Each player is dealt three bean cards, which they place in front of themselves, alive side up. Next, the deck is shuffled and each player is dealt five cards.

On your turn, you roll the die and get a result of 1-3: this is how many actions you must take. An action is either draw a card or play a card. You choose how to spend your actions. When you play a card, it is either an accident card or a special action card. Special actions can include, for example, looking at the top cards of the deck and returning them in any order, forcing another player to discard and draw new cards, swapping cards with another player, or similar.

When you play an accident card, you play it against another player.  Accident cards come in three different categories: nature, ride, and home. When you have an accident card played against yourself, you have a chance to play another one to counter and stop it, but it must be of the correct type. A nature accident card stops a ride accident, ride stops home, and home stops nature. If you can’t stop an accident, one of your beans die, and you flip it over to its dead side.

If, when you draw a card, you reveal a ‘you died’ card, it is immediately played against one of your own beans. Like accident cards, these come in one of the three categories, and like accidents, you can play the correct accident card to stop it, otherwise one of your beans dies. There is also the psycho attack card. When this is drawn from the deck, everyone at the table must roll the die one time — any player who does not roll a one loses a bean to an untimely death. The last player with any beans left wins the game.

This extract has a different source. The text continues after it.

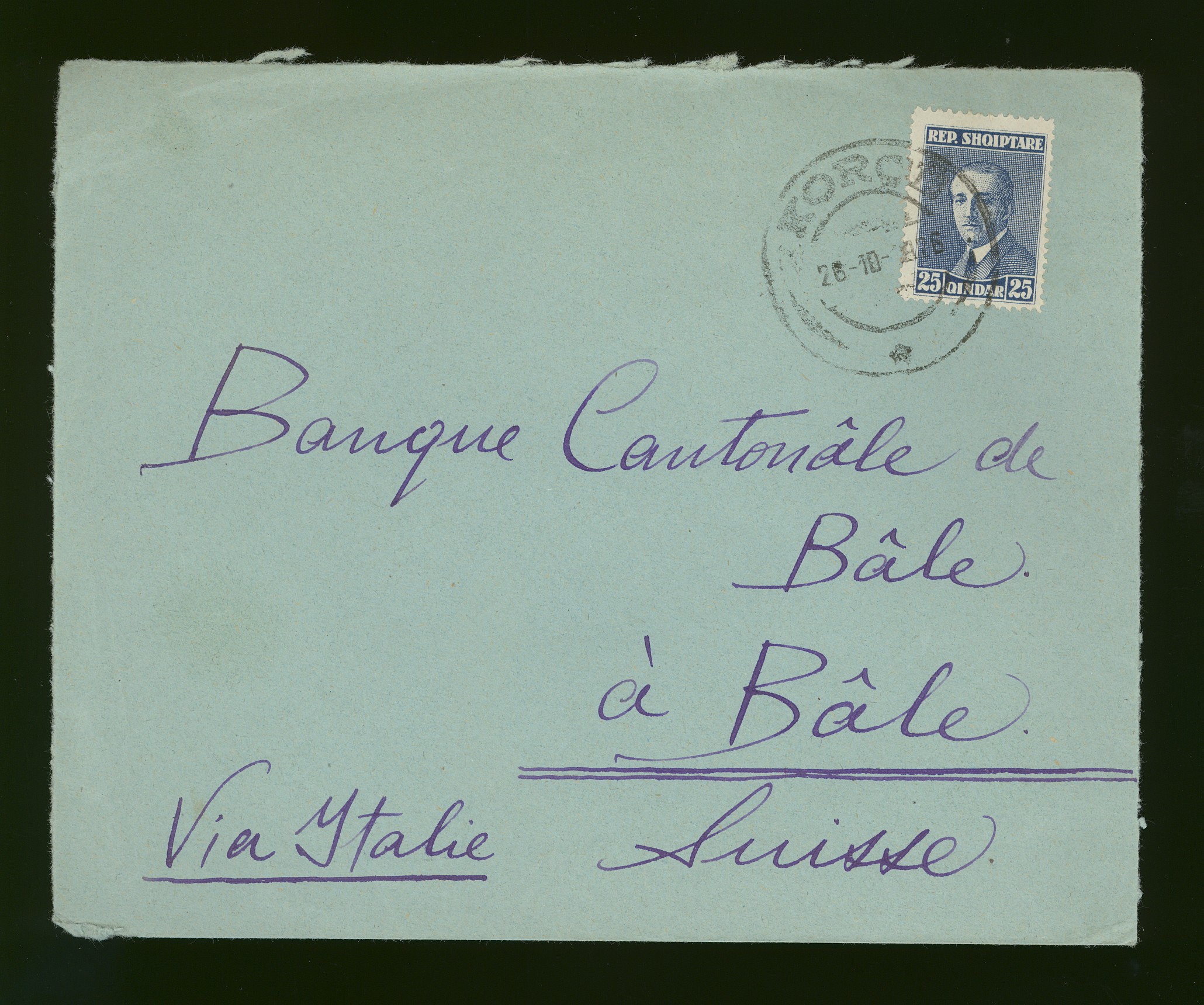 from Vlone 26th September 1940 to Switzerland, bearing

Dumb Ways to Die Components

Review

Dumb Ways to Die is a nice blend of push-your-luck mechanics and light card play. Drawing from the deck is dangerous, as you can draw those death cards, and while you want to have accident cards in your hand when drawing to combat them, you also want those accidents to play against your opponents. There are also special ability cards that you can choose to play at key moments. For example, the fair trade card allows you to swap your hand with another player. If it’s the last card in your hand, then you’ll leave your opponent with nothing and force them to draw next turn, making them more likely to lose a bean. But do you want to risk your hand growing that small, just for the sake of that one ability?

This blend of push-your-luck and take-that works quite well and results in a silly good time, which also plays fast. Player elimination is part of this game, but beans generally tend to go quickly, and you’re unlikely to be out of the game for very long.

The components are quite well made. The dead side of the beans are lenticular images (the kind that shifts as you move them) so you can see your bean die, which is a rather clever touch, and the cards are all a nice quality, while the die is large and chunky and fun to roll. But while the violent theme is treated very lightly, it’s still going to be too morbid for some players.

If you’re amused by the theme and like light card games, this is a really fun entry into the genre, with some enjoyable player interaction, back-and-forth gameplay, and a great weaving of push-your-luck throughout. It can be surprisingly suspenseful each time you draw a card, especially as you start to run out of beans, and you can pull off some truly fiendish plays with card abilities.

Pros: Blend of take-that and push-your-luck, aesthetics and component quality, lots of player interaction

Cons: Even with beans the theme won’t appeal to everyone, lots of take-that elements might not appeal to some players

Disclosure: we received a complimentary review copy of these games.